The unframed portrait measures 17.5 by 21.5 inches, is signed "Sf." and is in "very good" condition (small tears in the surface can be seen to the right side of Beethoven's face). As can be seen from the reproduction, the portrait shows Beethoven in slight profile looking upwards (a characteristic pose also seen in the portraits of Joseph Stieler of 1819 and Ferdinand Schimon from 1818-1819) wearing a brown coat with a white tie. The background is quite dark (brown-sea green), accentuating the whiteness of the necktie and the slightly darker face. The portrait strongly resembles the life mask of Beethoven taken in 1812; although the portrait does not include the pockmarks or scars on Beethoven's face (the omission is typical), it does show the deep cleft in his chin. The only major discrepancy is the nose, which has a slight rise in the middle in the Latzel portrait but dips in the middle in the life mask (see the illustration). Most interestingly, the portrait shows Beethoven with a slight smile on his lips, giving the portrait a unique expression among Beethoven iconography.
Since he purchased the portrait in 1989, Pennock has been extensively involved in researching the painting's provenance and authenticity. The McCrone Research Institute in Chicago identified the never restored painting from a pigment analysis as an original work. Paint samples showed the existence of the following colors (their earliest use is shown in parentheses): lead white, burnt sienna, and bone black (ancient), Naples yellow (1610), Prussian blue (1700), and vermilion (c. 1780). The following pigments commonly in use from 1800-1850 are not present: barium sulfate, chrome yellow, chrome green (1800), cobalt blue (1802), cerulean blue (1805), whiting, precipitated (ca. 1820), cadmium yellow (1817), ultramarine (synthetic, 1824), viridian (1825), and zinc white (1825). The evidence surrounding the canvas is more complicated, since it was machine-woven and machine woven canvases were not generally available until 1820. The McCrone report concludes however that "there is no reason to exclude the possibility of an artist using such a support even a few years before 1800." The report's final statement is that the "painting is the authentic work of an excellent artist about 1800 and very likely painted from life."
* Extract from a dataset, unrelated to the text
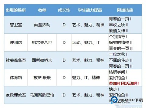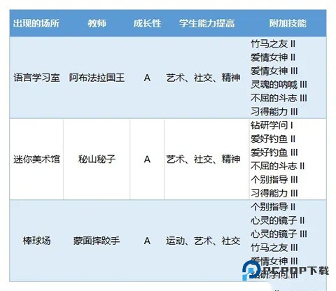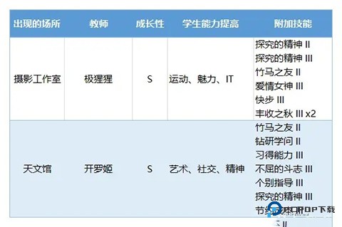 首先需了解老师的出现场所、成长性、对学生能力的提升效果以及附加技能,具体详情如下: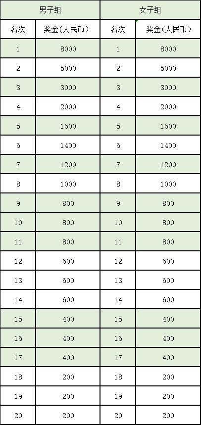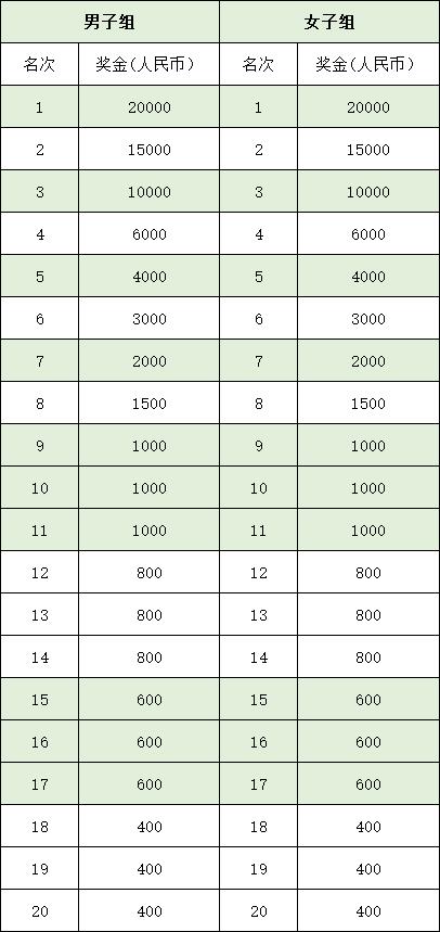 本次比赛马拉松组录取男子、女子组各前20名。其中1-3名按照枪声成绩录取,4-20名按照净计时成绩录取。

Ultraviolet inspection of the painting reveals the letters "Sf." in the lower right corner. The monogram "Sf." is listed as being that of August Ludwig Stein (1732-1814) in Emmanuel Benezit's Dictionnaire Critique et Documentaire des Peintres, Sculpteurs, Dessinateurs, et Graveurs (vol. 8, p. 4l). Active as a painter, designer, and engraver, Stein taught drawing from 1765 to 1803 in the Akademie in Leipzig. He is known for his religious subjects, genre scenes, and portraiture. Stein also painted Maria Theresia, Empress of Austria, and Joseph II. As a longtime resident of Leipzig (he died there at the age of eighty-two in December 1814), Stein may have met Beethoven when the composer visited Leipzig in 1796 and would have had the opportunity to read the many reports on Beethoven which appeared in the Leipzig Allgemeine musikalische Zeitung beginning in 1798. As Robin Wallace noted, from 1798 till 1810 "Beethoven's name appeared continually in the pages of the AMZ. Not a single volume passed without mention of the composer, and most contain five or more. ... From 1810 on, however, there was no significant work of Beethoven's music reviewed in the AMZ which was not treated at length, regardless of the critic's opinion" (Beethoven 's Critics, Cambridge: Cambridge Univ., 1986, 6-7). Most of Stein's works were known to have been in the museums in Leipzig and Dresden, according to a short biography and list of his works found in the Allgemeines Lexikon der Bilden Künstler (Leipzig: E. A. seemann, 1937), vol. 31, 545. Recent inquiries of the art museums in Dresden and Leipzig have revealed that the locations of the paintings are unknown at this time.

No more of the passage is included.